Теперь я должен рассказать о последнем этапе этой истории, о переходе от веры вообще к Христианству, но об этом я сам знаю очень мало. Может показаться странным, что из всех духовных событий моей молодости я хуже всего помню последнее, но на то есть две причины: во–первых, по мере приближения к старости мы лучше помним более отдаленные события; во–вторых, едва я обрел веру — еще «веру вообще», как я практически избавился (и давно пора, скажет читатель) от хлопотливой пристальности, с какой прежде всматривался в свое духовное развитие и различные состояния мысли. Для многих нормальных и здоровых экстравертов с обращения к вере впервые начинается самоанализ, а у меня все вышло наоборот: копаться в себе я, разумеется, не перестал, но теперь занимался этим редко (так мне кажется, я не все помню) и с разумной целью: ради исполнения долга, самообуздания — словом, из хобби или привычки это сделалось нелегкой повинностью.
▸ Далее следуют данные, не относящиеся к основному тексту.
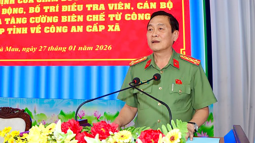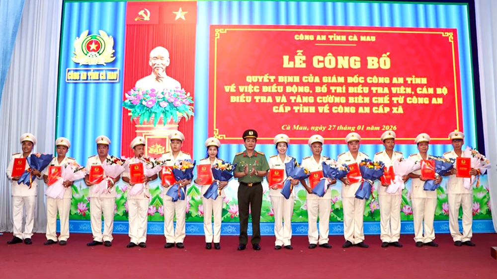 Công an tỉnh Cà Mau vừa tổ chức lễ công bố quyết định điều động, bố trí hơn 100 điều tra viên, cán bộ điều tra và cán bộ đang công tác tại các đơn vị Công an cấp phòng về tăng cường cho Công an cấp xã.
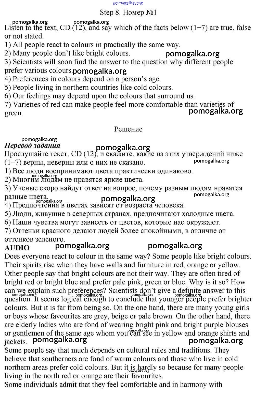 Готовые ответы - Английский язык 10 класс Rainbow Афанасьева О.В. - step 8 unit 1 1
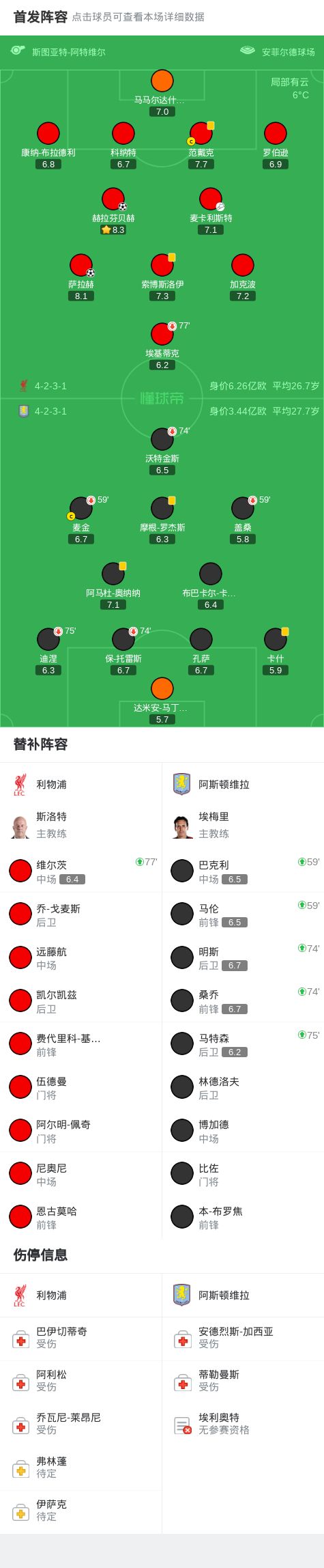 - 北京时间11月2日,英格兰足球超级联赛第10轮,利物浦坐镇主场迎战阿斯顿维拉。上半场,大马丁送礼,萨拉赫破门。下...发表于: 11-02 08:55
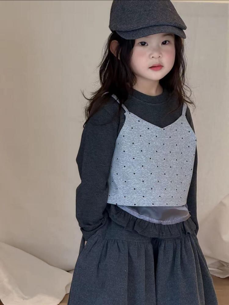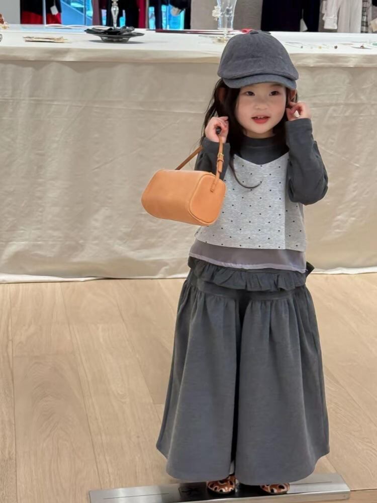 子供服 パンツ 女の子 2025年 秋冬 新作 ワイドレッグパンツ 女児 韓国風 ゆったり 快適 スカンツ ロングパンツ グレー 綿 95% 中小子供 3歳 4歳 5歳 6歳 7歳 8歳 100cm 110cm 120cm 130cm 140cm 150

С веры и молитвы начался опыт экстраверта; как говорится, я был извлечен из своей скорлупы. Даже если бы теизм не дал мне больше ничего, следовало радоваться уже тому, что он исцелил меня от глупой, поглощающей время привычки вести дневник. Даже для автобиографии дневник оказался не столь полезен, как я надеялся. Каждый день записываешь то, что показалось тебе значимым, по, конечно, внутри этого дня ты еще не можешь различить, что окажется важным в дальнейшем. Единственная польза, которую я извлек из ведения дневника, заключалась в том, что я сумел но заслугам оценить изумительный талант Босуэлла. Я изо всех сил старался записывать беседы, в которых нередко принимали участие весьма интересные и необычные люди, однако ни один из них не ожил в моем дневнике. Очевидно, Восуэлл писал не документальный репортаж, а что–то совсем иное, чтобы изобразить Лэнгтона, Боклерка, Уилкса и всех прочих.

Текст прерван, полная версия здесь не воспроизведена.